Yani YÖK gibi bir kurum olmadan.. -Olmadan yani. Keşke olmasa ama var. Üniversiteler arasında bu tür oluşmuş değerlendirme mekanizması da yok. Türkiye'de üniversite dendiğinde mutlaka tek tip üniversite modeli öngörülüyor. Devlette birçok kişi hatta üniversitedekiler de bunu böyle görüyor. Ben onlardan değilim. Yüksek öğretimde çeşitli amaçlar ve işlevler vardır. O amaçlara yönelik üniversiteler geliştirilmesi gerekmektedir. Tek tipin kabahatlisi YÖK değildir. Üniversitelerin çoğu da bu tek tip model isteğinde olmuştur, doğruya doğru. Bu istek bizi zor bir duruma getirmiştir. Rüştünü ispatlamış uluslararası düzeyde mezunlarıyla kendini tescil etmiş üniversiteleri kısıtlamak yerine önlerini açmak gerekiyor.
Yani siz de özerklik istiyorsunuz. -O özerkliğin tanınması lazım. Ama sadece özerklik de değil itimat gerekiyor. Temel problem itimatsızlık.
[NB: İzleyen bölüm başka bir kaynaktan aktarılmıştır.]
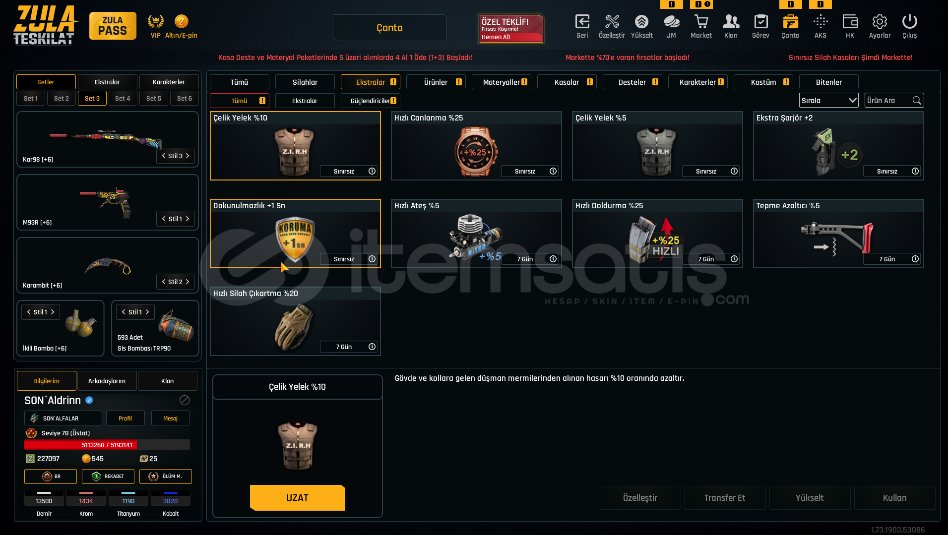 SINIRSIZÇelik Yelek %5,SINIRSIZ Ekstra Şarjör+2,SINIRSIZ Dokunulmazlık +1
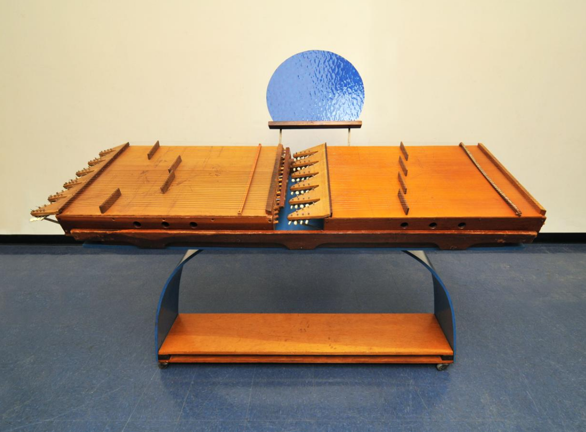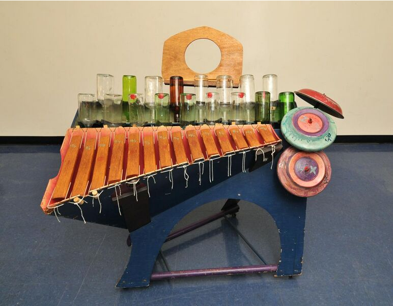 The Zymo-Xyl is an oak-block xylophone augmented with tuned liquor and wine bottles, Ford hubcaps, and an aluminum ketchup bottle. The name is from the Greek zymo- for "fermentation", and xylo- or xyl- for "wood".[15] First built in 1963.[7]

Kimse gelip Boğaziçi'ne şunu kötü yaptı, bu öğrenciye haksızlık ettin, kötü eğitim verdin falan demiyor aksine sonuna kadar alkışlanıyoruz ama güven yok. Herkes diyor ki harikasınız. O zaman bırak da ben kendi başıma bir şeyler yapayım, itimat et bana.
Keşke YÖK olmasa diyoruz ama var. Siz nasıl bir çözüm öneriyorsunuz? - Türkiye'nin durumuna bakarsak, bu şartlarda birçok üniversite daha kurulması lazım. YÖK, kuruluş aşamalarında onlara rehberlik edecek bir kurum görevini üstlenebilir. Bugünün şartlarında bu gerçekten yararlı olabilir. YÖK bize karışmıyor, niye? Çünkü işimizi iyi yapıyoruz.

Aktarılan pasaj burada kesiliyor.